NASA proposes to develop and to launch a roving long-range, long-duration science laboratory that will be a major leap in surface measurements and pave the way for a future sample return mission. NASA is studying options to launch this mobile science laboratory mission as early as 2009. Some advanced surface navigation technologies may be needed to attain mission goals.
This task will develop, test and validate the components and integrated system concepts for rover navigation. These components include localization algorithms, local/global path planning, local/global obstacle detection/avoidance, and global path planning, among others. The main focus of this task is testing and validation, but some development will occur on an as needed basis as dictated by the MSL project.
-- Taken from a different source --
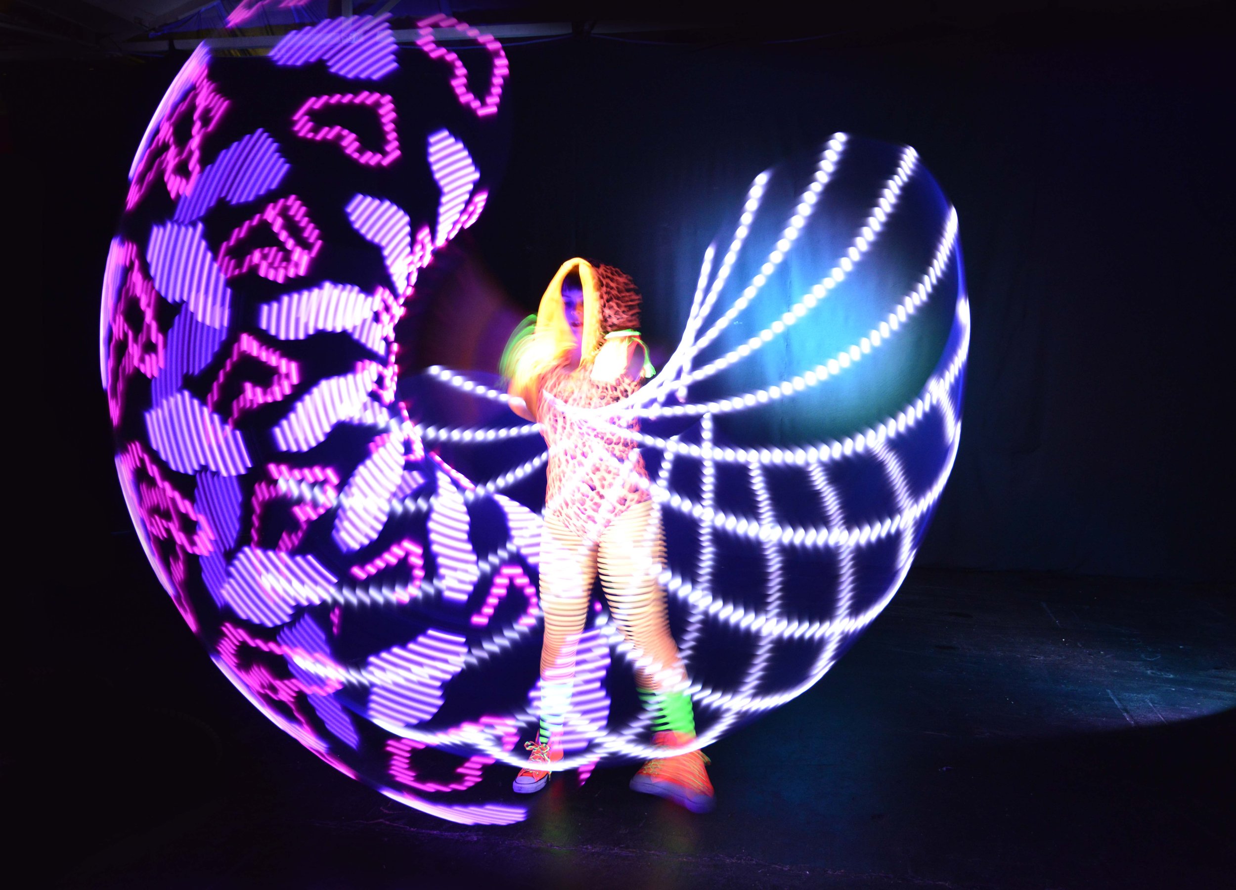 with an incredible hula hoop show!

Testing and validation will be achieved using a combination of simulation and field environments, with simulated testing preceding the field deployment.
During FY06, this task will continue Mars Exploration Rover (MER, 2003 launch) GESTALT navigation assessment, this time on non-zero slope terrain with varying densities of rock size-frequency distributions as dictated by Mars Science Laboratory (MSL, 2009 launch) Surface Mobility Requirements, i.e., on slopes up to 30 degrees and in rock fields with percent coverages up to 20%. In addition, updated visual odometry (VO) will be integrated into the rover sofftware and MER GESTALT will be tested in the above described terrains with and without VO active to allow comparison of performance with and without VO motion estimation updates.